Ammi Midstokke: The benefits of good enough
I read a thing this week that suggested our obsession with optimal may be distracting us from the pleasantly effective approach of beneficial. This is probably how water aerobics was born.
That was what I was thinking about while I splashed my way through the pool for an hour one morning, wishing I was enjoying the benefits of the water aerobics in the other half of the pool. They looked so happy there, with their foam weights, bouncing around on their toes and running in place.
Meanwhile, my swimming was less than optimal. I have never seen life guards so attentively watch a lane, or frequently stand at the pool’s edge with a flotation device and a vice grip on their whistle. Midday guard duty was boring for these guys until I started showing up.
I got lapped – several times – by a pregnant woman, who swam with the drag of an entire extra human strapped to her underside like some rotund freighter. While she gently caressed the water with each stroke, I attacked it with the ferocity of a drunk and confused crocodile, trying to remember everything my new swimming instructor taught me.
She said, “You swim like you’re riding a bike.”
It was the nicest possible way to acknowledge that I might be good at something, but it definitely was not swimming. Riding a bike through water seems an inefficient method, though potentially faster than my flailing, and thus we tried all sorts of things to convince my legs to stop pedaling. This only led me to sputtering and sinking.
In an act of mercy and risk management, she gave me a kick board. Suddenly, I was a 6-year-old bob-wobbling my way down the lanes at approximately 0.00067 mph, my feet churning like the back of a Mississippi riverboat. But then she told me to put my head under water and practice rhythmic breathing. This meant my right leg was doing a thing, my left leg was doing another thing, my knees were trying to not do a thing, and I needed to breathe, but not at the wrong time.
It is a lot of ingredients, as is pool water, incidentally. I later had cause to research the dangers of swallowing the pool water, which resulted in my phone asking if I needed the number for Poison Control. What I needed the number for was a friend who might talk me out of this charade. All it would take is one dubious study about chlorinated water making a person intolerant of coffee, and I would throw in the towel.
Undeterred by my internal exposure to chlorine, and overthinking the operation of each limb, I began some kind of water-bound dance ritual, easily mistook for a Pentecostal sermon in the sea. It will take more than prayer to keep me afloat. I tangled myself in the lane lines, bumped into the end of the pool, and plodded on, all the while considering stealing a pair of those floating dumbbells from an octogenarian in the water aerobics class.
I did not find my stride until I was actually striding on solid ground later that day.
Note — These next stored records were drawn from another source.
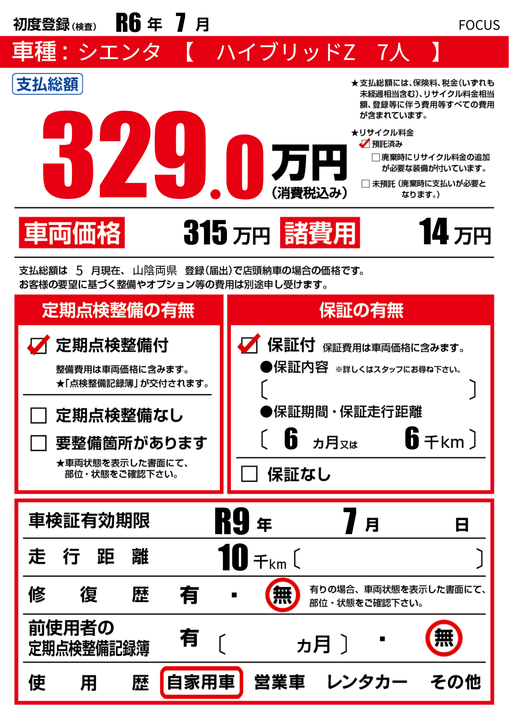 | 走行キロ | 1万km | 初年度登録 | R6年7月 |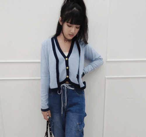 柔霧藍結合深藍滾邊,展現俐落又溫柔的學院氣息。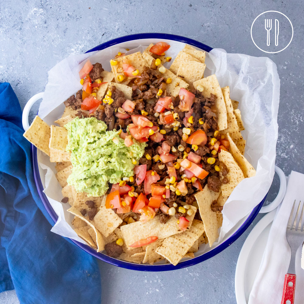 Crunchy tortilla strips topped with Mexican beef mince, creamy avocado and a tomato and corn salsa.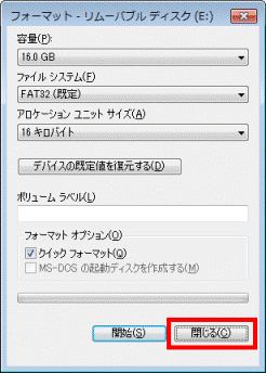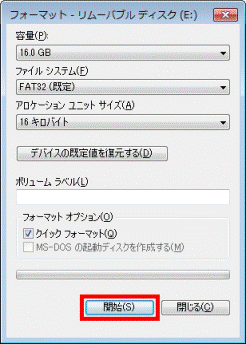 - 「フォーマット - リムーバブルディスク(E:)」に戻ります。

I needed some fresh air and nature after my regular dabble in drowning. Snow was falling in thick flakes and the world became muted grays and whites. My hair, now taking on a tinge of green, wafted with the warm scent of pool chemicals – such as diluted sweat and urine – and whatever it takes to, uh, “stabilize” all that. As I was contemplating my post-swim sterilization scrub, I realized I was walking the way I was supposed to be swimming. Complete with turning my head to breathe. Somehow, this made me hopeful.
The same thing happened once when I did too much yoga. I started growling every time I exhaled in a stressful meeting. It was effective for entirely unanticipated reasons.
Beyond noticing my new breathing rhythm, I noticed how pleased all my joints felt. Only in the weightlessness of water can one thrash about in an aquatic tantrum and cause no real bodily harm. Even my organs seemed grateful, as if buoyancy had temporarily relieved them of the burden of gravity and too much pie, and allowed them to settle back in their originally intended shape and space.
Biologically reorganized and physically exhausted, that night I collapsed into bed and the deepest of sleeps. I awoke rested, albeit still smelling of chlorine, and ready to paddle my way through the pool again.
In a world where perfectionism becomes a facade, or worse – an excuse to not attempt new things at all, this new adventure is proving to be an exercise in acceptance. Someday, I might learn to swim better, or even optimally; but for now, beneficial is optimal enough.